O BRASIL TREM JEITO? II

A falta de investimento na ferrovia, que nos últimos 40 anos não mereceu a atenção do Estado, culminou com o sucateamento daquele que deveria ser um importante meio de transporte de passageiros e de carga. Para solucionar o problema, conseguir eficiência e competitividade, o Governo optou pela privatização do setor. Assim, entre 1996 e 1998, foram feitas as concessões das malhas ferroviárias a sete diferentes empresas. O processo foi anunciado com festa e comemorado pela indústria, que previu grandes negócios com os novos operadores.

As expectativas, contudo, logo foram frustradas pelo não-cumprimento das metas estabelecidas nos contratos de concessão. No lugar de investimentos, material ocioso, trens e trilhos abandonados e piora no serviço. Em 1998, 12 sindicatos ferroviários elaboraram um relatório conjunto para o Congresso Nacional sobre a "Privatização das Malhas Ferroviárias do Brasil" , afirmando que "nenhum dos objetivos propostos pelo Governo foi atingido". Os sindicatos defendem que o Ministério dos Transportes "intervenha em todas as malhas que não cumprem as obrigações contratuais, cassando todas as concessões". A proposta é que a Rede Ferroviária Federal volte a controlar as malhas no País.

No trecho concedido à Ferroban entre Presidente Prudente e Álvares Machado, a ALL (América Latina Logística do Brasil) está trocando na linha tronco os trilhos deteriorados TR37 pelos de bom estado TR50 de um ramal secundário, que assim será inviabilizado.
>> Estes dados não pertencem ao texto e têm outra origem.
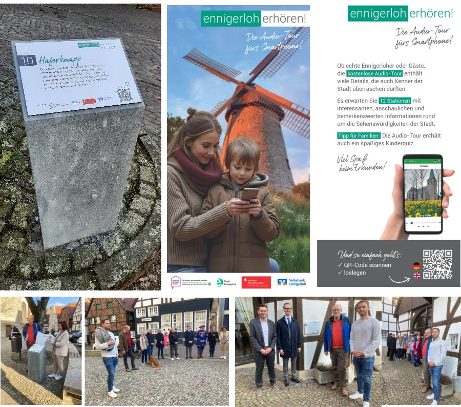 Mein herzlicher Dank gilt allen Beteiligten! Denen, die die Finanzierung gesichert haben. Den Firmen Soundgarden und Senger, mit denen wir sehr gut zusammengearbeitet haben. Insbesondere aber den vielen Beteiligten in der Kooperation für die sehr gute, kollegiale Zusammenarbeit und den zahlreichen Menschen darüber hinaus, die uns ganz einfach unterstützt haben, wenn wir Hilfe benötigten und sie angesprochen haben. Ich denke, die Audioguidetour Ennigerloh erhören! ist wunderbar geworden und eine echte Bereicherung für Ennigerloh!Doch nun endlich zur Praxis: Ich lade Sie / euch ein zu einem kleinen Einstiegsgang in die Audioguidetour Ennigerloh erhören! von der Station 1 Kirchplatz bis zur Station 4 Hubertusdenkmal.Zugang zur Tour über die App mittels QR-Code vom Stationsschild! App aktualisieren/herunterladen durch Klick auf die Wolke (cloud) oben rechts, am besten offline speichern (dann ist nicht immer Internet erforderlich) und los geht’s. Tour auswählen: Auswahl Audioguide deutsch oder englisch, dann mit Station 1 starten.
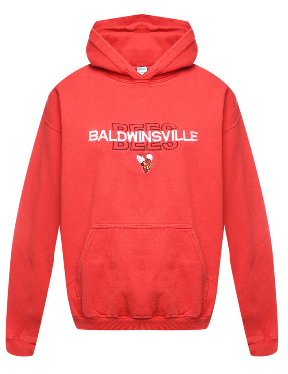Baldwinsville bees printed hoodie. Comes in red with one pocket.
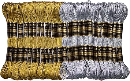Amazon Com 24 Madejas Hilo De Bordado Metalico Hilos De Punto De Cruz Pulseras De Amistad Artesania Hilo Dorado Y Plateado Arte Manualidades Y Costura
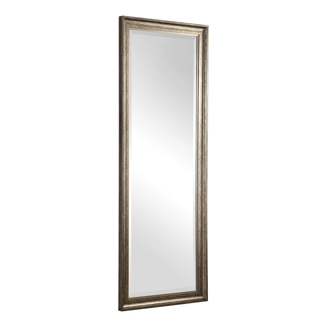 This Versatile Piece Features A Sloped Surface With A Metallic, Burnished Silver Wrapped Finish, Accented With A Coordinating Brighter Silver Inner Edge. Mirror Features A Generous 1 1/4″ Bevel And May Be Hung Horizontal Or Vertical.
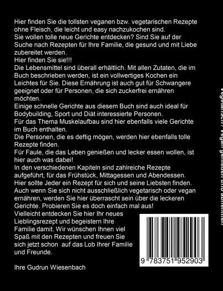 Hier finden Sie die tollsten veganen bzw. vegetarischen Rezepte ohne Fleisch, die leicht und easy nachzukochen sind.Sie wollen tolle neue Gerichte entdecken? Sind Sie auf der Suche nach Rezepten für Ihre Familie, die gesund und mit Liebe zubereitet werden. Hier finden Sie sie!!!Die Lebensmittel sind überall erhältlich. Mit allen Zutaten, die im Buch beschrieben werden, ist ein vollwertiges Kochen ein Leichtes für Sie. Diese Ernährung ist auch gut für Schwangere geeignet oder für Personen, die sich zuckerfrei ernähren möchten.Einige schnelle Gerichte aus diesem Buch sind auch ideal für Bodybuilding, Sport und Diät interessierte Personen.Für das Thema Muskelaufbau sind hier ebenfalls viele Gerichte im Buch enthalten.Die Personen, die es deftig mögen, werden hier ebenfalls tolle Rezepte finden.Für Faule, die das Leben genießen und lecker essen wollen, ist hier auch was dabei! In den verschiedenen Kapiteln sind zahlreiche Rezepte aufgeführt, für das Frühstück, Mittagessen und Abendessen.Hier sollte Jeder ein Rezept für sich und seine Liebsten finden. Auch wenn Sie sich nicht ausschließlich vegetarisch oder vegan ernähren, werden Sie hier überrascht sein über die leckeren Gerichte. Probieren Sie es doch einfach mal aus! Vielleicht entdecken Sie hier Ihr neues Lieblingsrezept und begeistern Ihre Familie damit. Wir wünschen Ihnen viel Spaß mit den Rezepten und freuen Sie sich jetzt schon auf das Lob Ihrer Familie und Freunde.IhreGudrun Wiesenbach Aus Kostengründen hat sich die Autorin dieses Buches bewusst dazu entschieden, nur die Rezepte nieder zu schreiben. Es gibt in diesem Buch keine Bilder der Gerichte, denn jeder Koch gestaltet seine Teller nach seinem Ermessen.Aus Erfahrung hat sie selber erlebt, dass Gerichte, die sie nachgekocht hat, aus anderen Büchern, nie wirklich so aussahen, wie auf den Abbildungen in den anderen Kochbüchern. Deshalb hat sie sich bewusst dazu entschieden, keine Beispiel-Bilder in dieses Buch aufzunehmen.
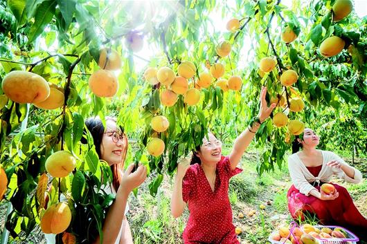 8月7日,嘉魚縣新街鎮(zhèn)嘉多寶果蔬、世外萄園的果園里碩果累累,游客體驗(yàn)著采摘的快樂。近年來,嘉魚縣新街鎮(zhèn)在351國(guó)道沿線建設(shè)“十里花果長(zhǎng)廊”,大力發(fā)展農(nóng)旅融合經(jīng)濟(jì)。(湖北日?qǐng)?bào)全媒記者陳勇通訊員耿海軍馬映攝)
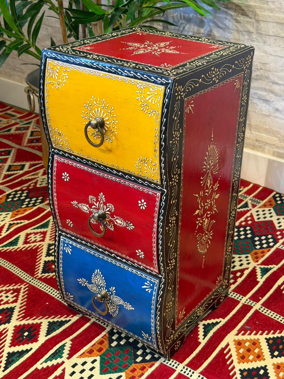 Encanto para quem ama decoração com alma. Este gaveteiro Indiano é inteiramente trabalhado em madeira e recebe delicados desenhos pintados à mão, trazendo o charme e a autenticidade do artesanato.
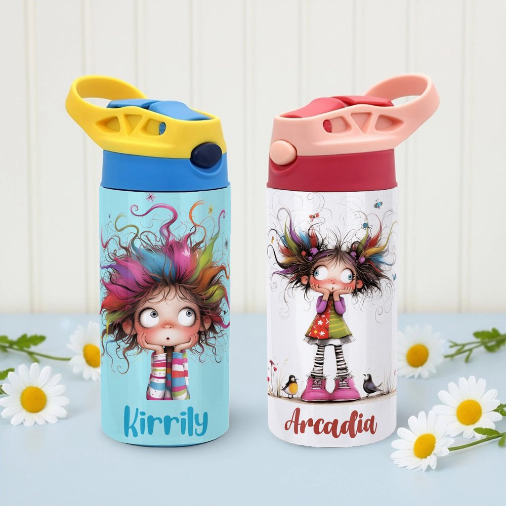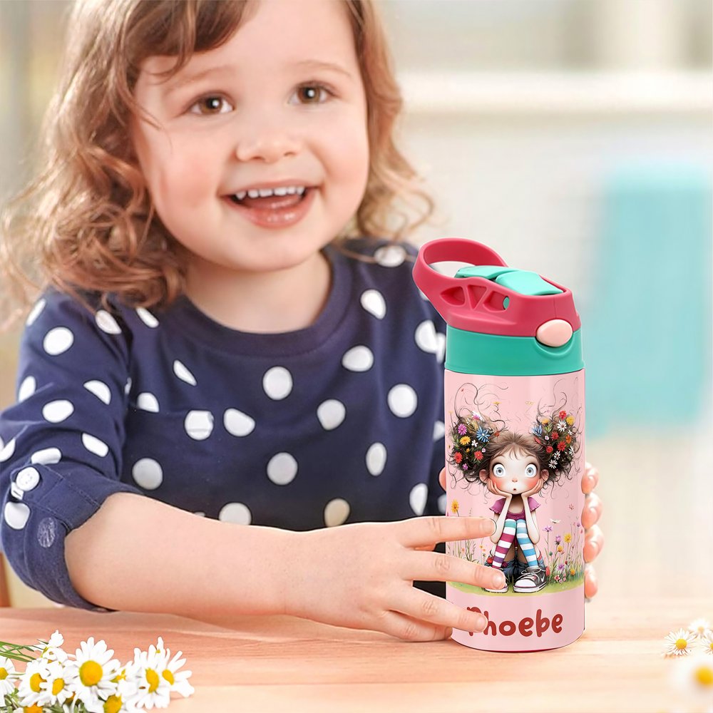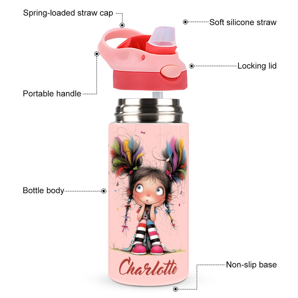 Den här isolerade vattenflaskan har en söt och lekfull tecknad bild av en flicka som sin designhöjdpunkt. Den är full av barnslighet och vitalitet och är skräddarsydd för barn. Den tecknade mönsterdesignen är färgstark, med 15 mönster och 8 koppfärger som fritt kan kombineras och matchas med barnets namn, vilket gör varje vattenkopp unik och visar personlig exklusiv charm.
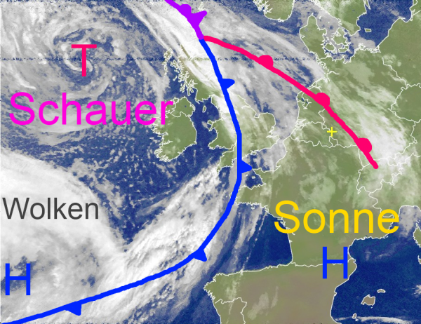 Die Fronten des Atlantischen Sturmtiefs überqueren bis Sonntag Deutschland von West nach Ost. Im Warmsektor des Tiefs wird es nochmals spätsommerlich warm. Heute Abend erreicht die Kaltfront den Nordwesten und Westen und bringt teils gewittrige Regengüsse. Auf der Rückseite der Front strömt kühlere Luft ins Land.
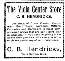 - ↑ "Viola Center High School". Audubon Republican. (Audubon, Iowa), November 22, 1906. November 22, 1906. p. 4. Retrieved May 24, 2021.
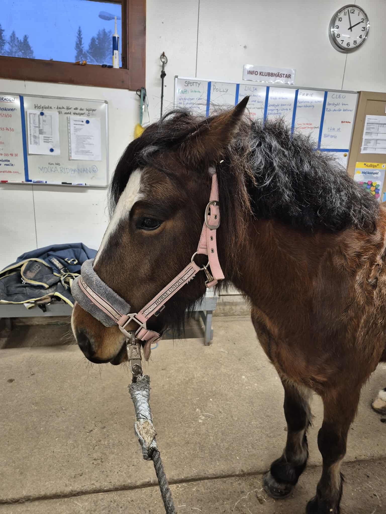 Polly är ett brunt sto, född 2017, lugn och trevlig att både rida och hantera. Hon kan det mesta och har tävlat i dressyr (LA) och hoppning (80 cm).

Tal medida necessitaria de prévia autorização da RFFSA, já que fere o contrato de concessão. Segundo o deputado Carlos Braga, membro da Comissão de Transporte da Assembléia Legislativa de São Paulo, a CPI deverá recomendar ao Tribunal de Contas da União, ao Ministério Público Federal e ao Ministério dos Transportes a rescisão imediata da concessão da malha ferroviária paulista para a Ferroban e a Novoeste. O Ministério Público Federal já instaurou inquérito civil público para investigar a denúncia.

Outro ponto duvidoso no processo de privatização é a tão decantada concorrência, que substituiria o monopólio estatal. A ALL, que em inglês significa "tudo", está presente em todas as malhas nacionais, sendo uma transnacional que opera também na Argentina. Segundo o líder ferroviário Rogério Centofanti, "entre os operadores, é um espanto ver como são cooperativas umas com as outras e a constante presença da ALL". E ele complementa: "Um investe no trecho do outro, cede máquina, equipamento e funcionários, que recebem ordem de outra empresa, quase sempre da ALL. O funcionário já não sabe a quem obedecer. As operadoras têm o mesmo comportamento, propostas, acordos coletivos idênticos etc." O atencioso leitor, melhor informado, poderia nos esclarecer?